Due pesi e due misure che la CGIA «vuole invece richiamare e portare all’attenzione di tutti, sperando, in particolar modo, che questi dati inducano, sia il Premier Draghi che i governatori, ad aprire un tavolo di crisi permanente a livello nazionale e regionale, altrimenti il mondo del lavoro autonomo rischia di uscire da questa crisi fortemente ridimensionato».

Per la Cgia «a rischio la coesione sociale»

«Inutile ricordare che quando perdono il posto c’è una sostanziale differenza tra i lavoratori dipendenti e gli autonomi. Mentre i primi possono contare su alcune importanti misure di sostegno al reddito (Cig, Naspi, etc.), i secondi, invece, non possono contare quasi su nulla. A loro rimane solo il fallimento di un’esperienza lavorativa finita male e l’angoscia di come reinventarsi il proprio futuro. La CGIA sostiene che i negozi di vicinato e le tante botteghe artigiane presenti nel Paese hanno bisogno di sostegno perché garantiscono la coesione sociale anche del nostro sistema produttivo. Se spariscono le micro imprese, rischiamo di abbassare notevolmente la qualità del nostro made in Italy» ricorda.

«Per questo – spiega la nota – è indispensabile tagliare la burocrazia, rivedere il fisco, abbassando drasticamente il peso di imposte e contributi sulle piccolissime imprese, e approvare quanto prima la riforma degli ammortizzatori sociali che, in caso di chiusura dell’attività, preveda delle misure di sostegno al reddito anche ai lavoratori autonomi».
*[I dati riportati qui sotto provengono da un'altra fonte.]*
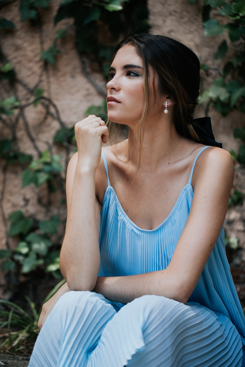 La fluidez de un vestido perfecto para una boda de verano en un look que se olvida del blanco para dar paso a un azul pastel, creando dos contrastes importantes: por un lado, las nuevas tendencias a la hora de vestir a la novia y, por otro, la tradición de ese «algo azul» trasladado al estilismo, en lugar de solo a un único detalle.
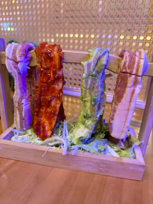 四味五花肉是此店的熱賣菜式,分別有(黑椒鹽,韓式醬汁,蔥蒜,果味醬汁),成條上嘅五花肉真係第一次見,仲要有咁多款口味。
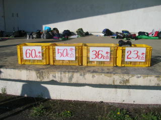 持参した500mlのスポーツドリンクを入れたペットボトル23キロ、36キロ、50キロ、60キロエイドに預けます。
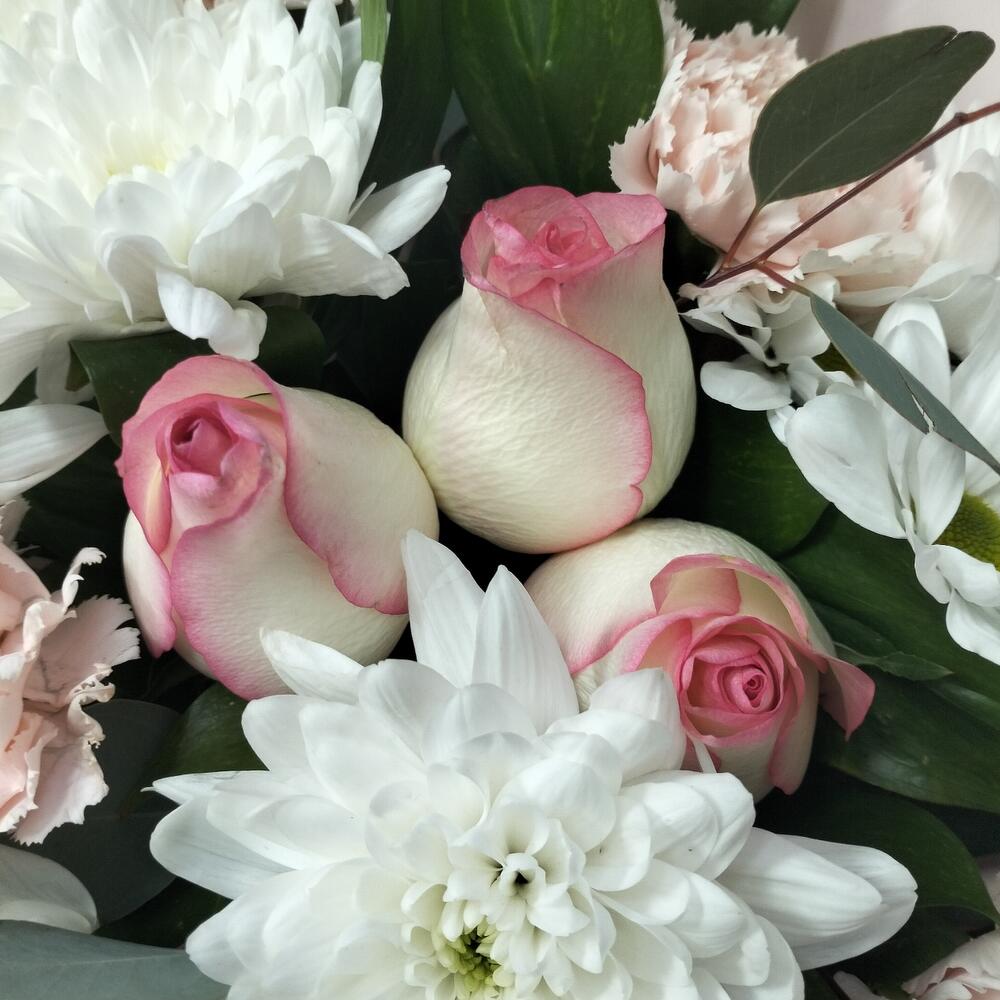 Категории: Гвоздики, Кустовые розы, Розы, Хризантемы
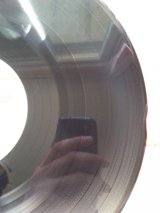 Vinil vizualno: Labeli su jako čisti i uredni, bez ikakvih tragova spindle weara te izgledaju kao novi. Ploča ima fantastičan sjaj i djeluje jako čista. Temeljitim pregledom sam uočio samo jedan jako sitan površinski frižić ala dlaka kose na A strani (slika 13) koji nema nikakav utjecaj na zvuk. Ploča izgleda fantastično očuvana!
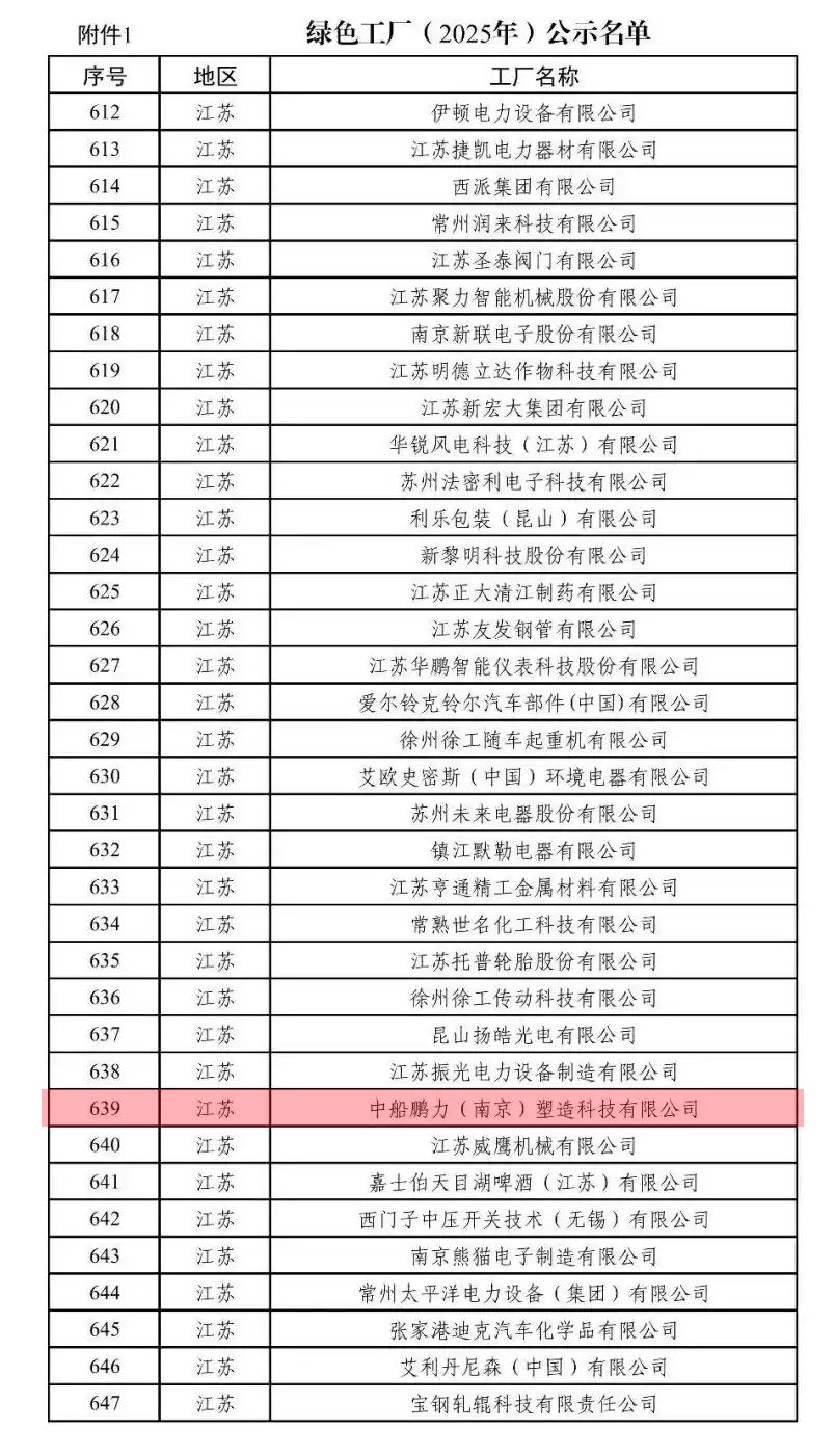 3月18日,工業和信息化部公布綠色工廠、綠色工業園區(2025年度)名單,鵬力塑造憑借在綠色制造領域的優異表現,成功躋身國家綠色工廠行列。這是公司繼國家級制造業單項冠軍企業后,斬獲的又一項國家級殊榮。
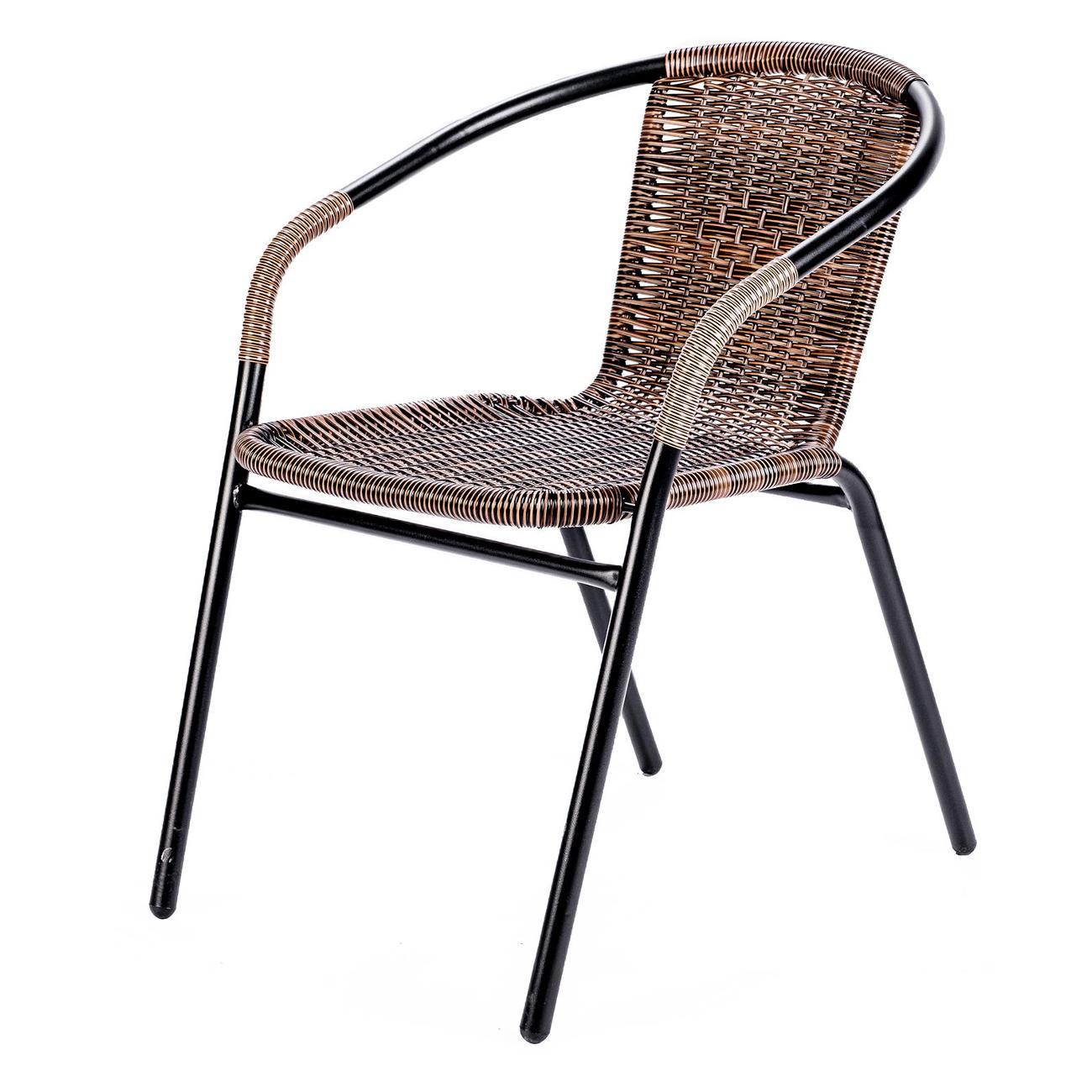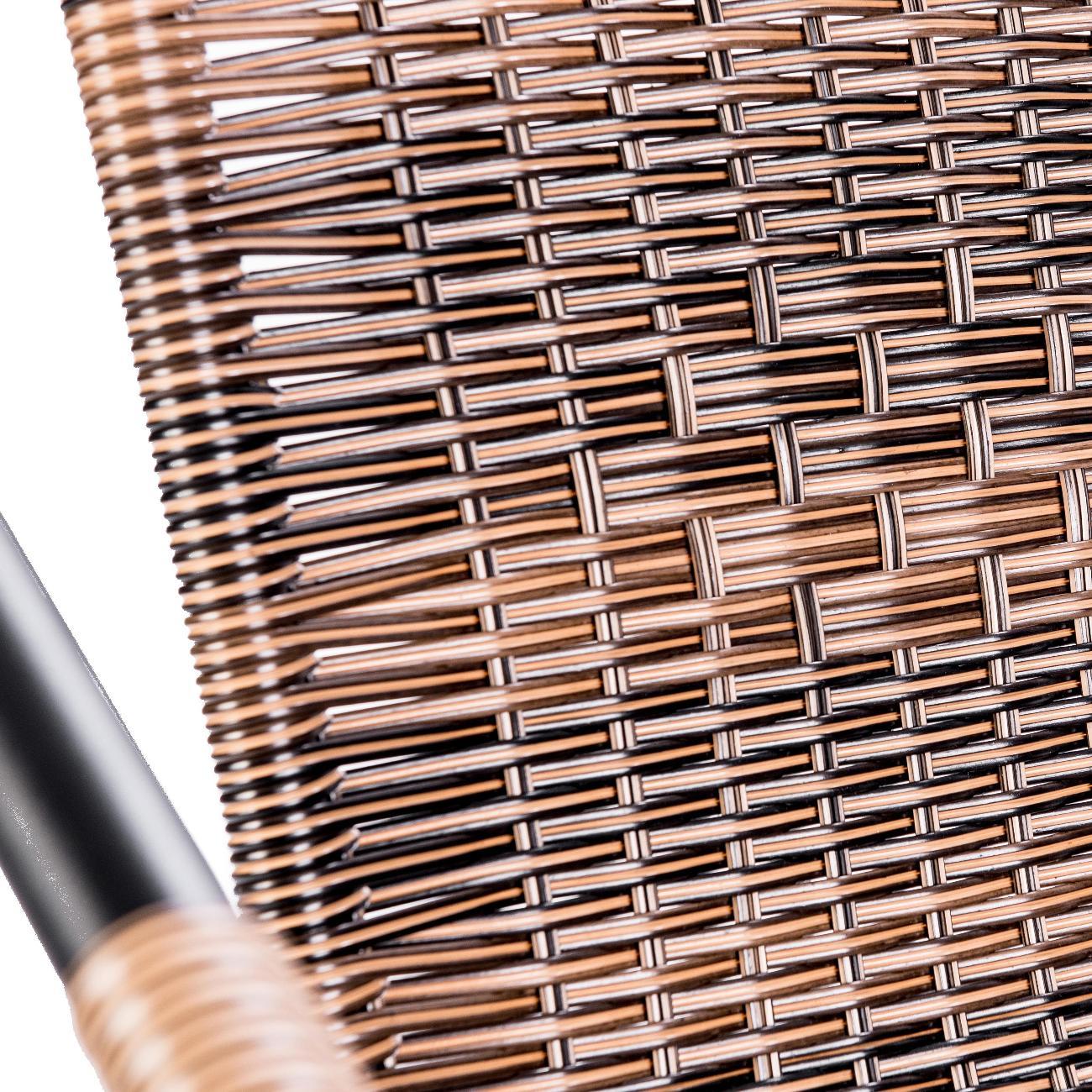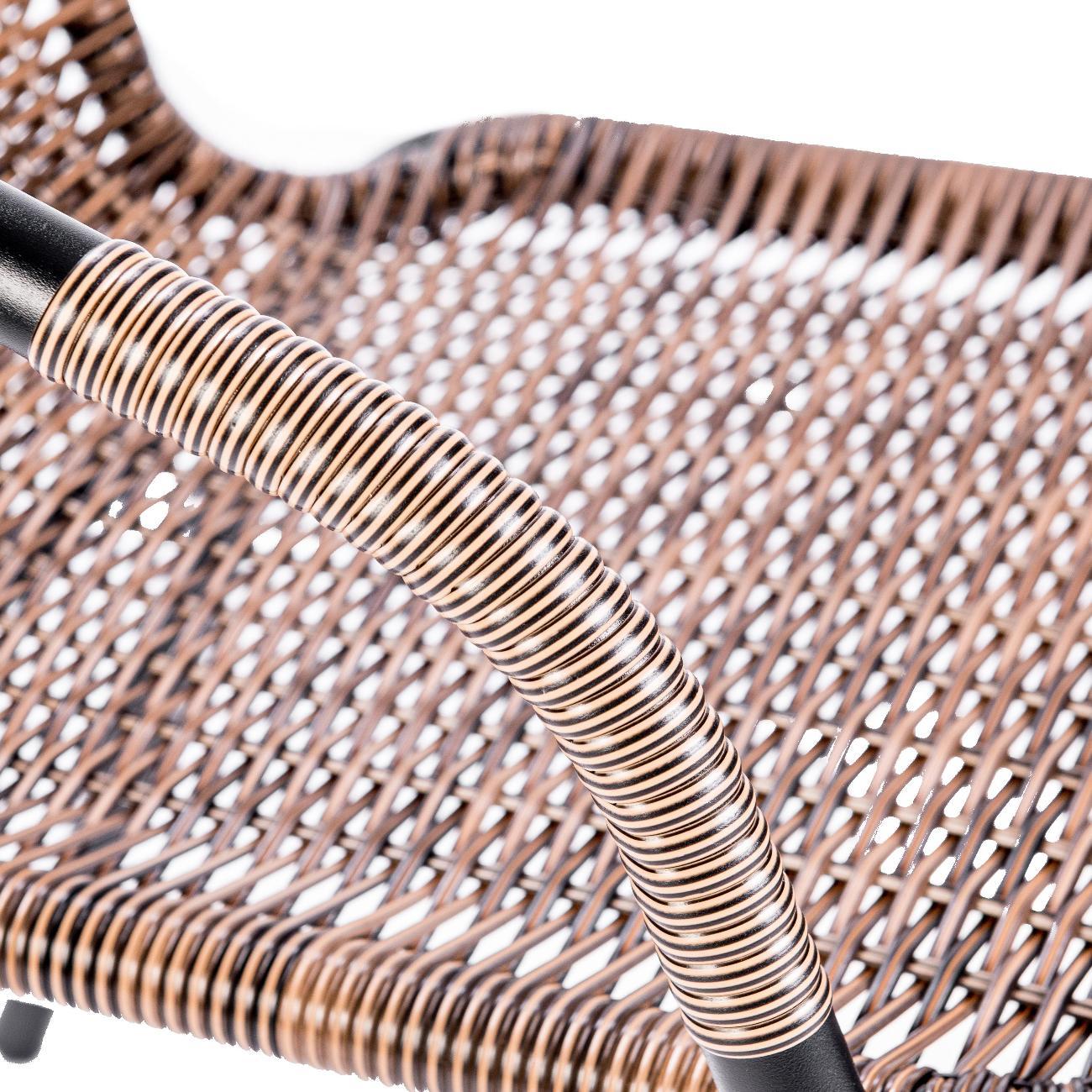 Искусственный ротанг с водоотталкивающими свойствами быстро сохнет, а стальной каркас с порошковым покрытием устойчив к коррозии. При этом кресло для сада сохраняет все преимущества домашней мебели: его можно поставить на террасу, украсив мягкими подушками и пледом. Удобные подлокотники обеспечивают правильную поддержку рук, снижая нагрузку на плечевой пояс и позвоночник при длительном сидении, а также помогают удобно вставать и садиться, что актуально для пожилых людей. Крепкие металлические ножки исключают вероятность скольжения комплекта уличного, сохраняя безопасность. Максимальная нагрузка на один стул садовый достигает 100 кг, делая его надежным выбором для отдыха на свежем воздухе. Эргономичная пластиковая спинка и продуманная форма обеспечивают комфорт даже при продолжительном использовании. Его универсальный дизайн впишется в любой интерьер, от классического до лофт, создавая уютное место для расслабления на улице.

Altresì «è necessario coinvolgere il Ministero dell’Istruzione affinché attivi quanto prima una importante azione informativa/formativa nei confronti degli studenti delle scuole medie superiori che li sensibilizzi in particolar modo su un punto; una volta terminato il percorso scolastico, nel mercato del lavoro ci si può affermare anche come lavoratori autonomi. Aspetto, quest’ultimo, ai più pressoché sconosciuto».